Endorsements might not matter much in the grand scheme of things (how many of you change your minds based on an endorsement?), but, cumulatively, they do say something about a candidate’s ability to campaign effectively and about the kind of supporters a candidate attracts.
Then, too, endorsements sometimes have the opposite of their intended effect. Case in point: Some Republican voters have said they would reconsider a candidate if Donald Trump endorsed that candidate. For that matter, does anybody actually like Mitt Romney better because John McCain endorsed him?
In advance of New Hampshire, both Rick Santorum and Jon Huntsman have picked up relatively notable endorsements. What does each say about Santorum’s and Huntsman’s chances in the Granite State?
First, Santorum’s new supporter:
A source close to the presidential campaign of Rick Santorum tells ABC News that the former Pennsylvania senator will pick up the endorsement of Christian conservative activist Gary Bauer on Sunday.
Bauer ran for president himself in 2000, and is part of the group of conservative leaders trying to figure out around which candidate the movement should coalesce so as to stop Mitt Romney from grabbing plurality wins all the way to the nomination, with conservatives like Santorum, Newt Gingrich, Rick Perry and Ron Paul splitting the non-Romney vote.
Given Gary Bauer’s blatant social conservative credentials, this likely doesn’t help Santorum much in moderate New Hampshire — but it is a nice little sign that Santorum’s perceived viability as a challenger to Romney continues to mount. The newest objections to Santorum center around his supposed religiously-motivated big-government conservatism and this endorsement might just give added credence to those objections, but, at the same time, Santorum’s social conservatism won’t hurt him in South Carolina, where, actually, Mitt Romney is now trying to make the case that he is also a faith-based candidate. Overall, the endorsement just adds to the image Santorum has been building: He’s a “holistic” candidate — a full-spectrum conservative — who actually stands a chance to beat Romney, not necessarily by rising dramatically in New Hampshire, but by competing everywhere and doing exceptionally well in states like Iowa and South Carolina.

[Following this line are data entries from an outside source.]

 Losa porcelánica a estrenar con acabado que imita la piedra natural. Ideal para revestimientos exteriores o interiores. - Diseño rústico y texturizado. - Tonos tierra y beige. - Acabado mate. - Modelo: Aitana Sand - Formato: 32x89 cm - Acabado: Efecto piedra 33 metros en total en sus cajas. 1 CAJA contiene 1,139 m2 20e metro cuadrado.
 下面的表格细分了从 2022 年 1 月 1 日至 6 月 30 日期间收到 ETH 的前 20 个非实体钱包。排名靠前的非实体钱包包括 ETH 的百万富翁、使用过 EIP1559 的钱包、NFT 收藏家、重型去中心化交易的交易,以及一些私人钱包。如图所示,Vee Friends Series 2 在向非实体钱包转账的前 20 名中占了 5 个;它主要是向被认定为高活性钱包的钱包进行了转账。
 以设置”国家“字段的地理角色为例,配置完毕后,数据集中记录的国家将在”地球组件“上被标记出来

Next, Huntsman’s new backer:
GOP presidential candidate Jon Huntsman will pick up his first congressional endorsement in the final days before the New Hampshire primary, CNN has learned.
Rep. Richard Hanna, a first-term Republican congressman from New York, has decided to back Huntsman, two sources said Saturday. …

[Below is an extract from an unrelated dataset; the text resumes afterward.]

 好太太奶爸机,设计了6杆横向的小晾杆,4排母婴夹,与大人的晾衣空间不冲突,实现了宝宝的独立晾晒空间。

The aide said Hanna came to support Huntsman in part because of the candidate’s push for better education in the fields of science, technology, engineering and math.

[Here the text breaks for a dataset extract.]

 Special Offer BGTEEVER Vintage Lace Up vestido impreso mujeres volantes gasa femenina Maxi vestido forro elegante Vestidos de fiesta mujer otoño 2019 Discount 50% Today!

However, the two Republicans also share some similarities in their independent approach to party orthodoxy. In Congress, Hanna is a member of both the conservative Republican Study Committee and a caucus that promotes equality for gays and lesbians.
This says nothing about Huntsman so much as it says that he hasn’t yet had support from a single member of Congress. Perhaps it will make some kind of difference among Hanna’s constituents or in New Hampshire, the one state in which Huntsman is expected to do well, but, overall, it’s just another indication of Huntsman’s barely-above-an-asterisk national polling throughout the campaigns.